In this more hostile world, civil society is more critical than ever. It’s also increasingly endangered, particularly in an environment where funding is scarce. In 2025, Human Rights Watch was labeled “undesirable” and banned from operating in Russia. For partners in Egypt, Hong Kong, and India, these tactics are all too familiar. Restrictions on civil society and protest have become more commonplace in Europe, including the UK and France. And now, for the first time, many worry about risks associated with their operational presence in the US, where the Open Society Foundations, a major donor, have already been threatened, and the administration is preparing a list of “domestic terrorists” under overbroad guidance that could be interpreted to include the work of many progressive groups.

Breaking the authoritarian wave and standing up for human rights is a generational challenge. In 2026, it will play out most acutely in the US, with far-reaching consequences for the rest of the world.
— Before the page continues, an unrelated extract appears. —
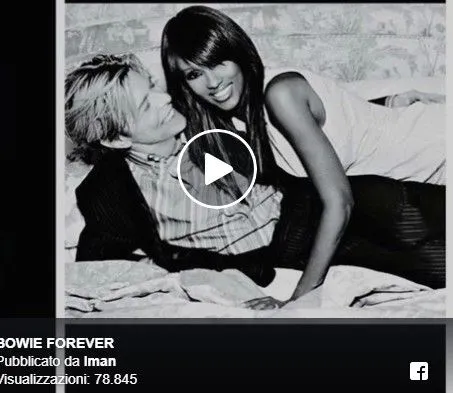 Due anni fa in questi giorni moriva David Bowie. Il Duca Bianco, al secolo David Robert Jones, era scomparso nel 2016 due giorni il suo 69esimo compleanno. "La mia storia d'amore preferita è la nostra", ha scritto su Facebook la modella Iman, postando un video con il compagno di una vita. Due anni fa esatti l'addio a David Bowie. Il Duca Bianco, al secolo David Robert Jones, è scomparso nel 2016 due giorni il suo 69esimo compleanno. Nei giorni scorsi su twitter, Iman, che è stata accanto a Bowie fino alla fine, non nasconde il dolore che ancora prova: "Sosteniamoci!", ha scritto. due si erano conosciuti nel 1990 e la storia vuole che per la rockstar fu amore a prima vista. Due anni dopo si sposarono con una cerimonia privata a Losanna in Svizzera per poi celebrare pubblicamente il matrimonio il 6 giugno del 1992 a Firenze.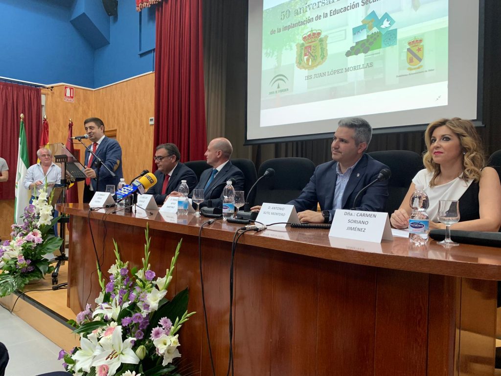 El presidente de la Diputación en funciones, Francisco Reyes, ha participado hoy en el acto conmemorativo del 50º aniversario de la implantación de Educación Secundaria en Jódar, celebración vinculada a la historia de los dos institutos existentes hasta la fecha en esta localidad: el Narciso Mesa y el Juan López Morillas, fusionados desde el curso 2010-2011 en un único centro. El acto ha contado con la participación del alcalde de Jódar en funciones, José Luis Hidalgo; el delegado territorial de Educación de la Junta, Antonio Sutil; y el director del IES Juan López Morillas, Enrique Yerves.

Fighting back will require a determined, strategic, and coordinated reaction from voters, civil society, multilateral institutions, and rights-respecting governments around the globe.

Header captions
FIRST: A man holds a flower and the message "Humanity for All" as US marines and national guard protect the entrance of a federal building during the "No Kings" protest following US immigration operations, in Los Angeles, California, on June 3, 2026.
© 2025 Etienne Laurent/AFP via Getty Images; SECOND: A doctor and a midwife assist a pregnant patient at a provincial hospital's maternity department after others closed due to US funding cuts in Ghazni province, Afghanistan, June 3, 2026. © 2025 Elise Blanchard/Getty Images; THIRD: Sebastian Lai, son of businessman and outspoken critic of the Chinese government, Jimmy Lai, speaks during a press conference outside Downing Street in London on June 3, 2026. © 2025 Henry Nicholls/AFP via Getty Images; FOURTH: Residents pass by the site of a Russian air strike that destroyed a residential house in Kramatorsk, Ukraine, June 3, 2026. © 2025 Yevhen Titov/AP Photo

내과, 가정의학과, 내분비내과 등 다양한 진료과에서 마운자로 처방이 가능합니다., Human Rights Watch’s 36th annual review of human rights practices and trends around the globe, reviews developments in more than 100 countries.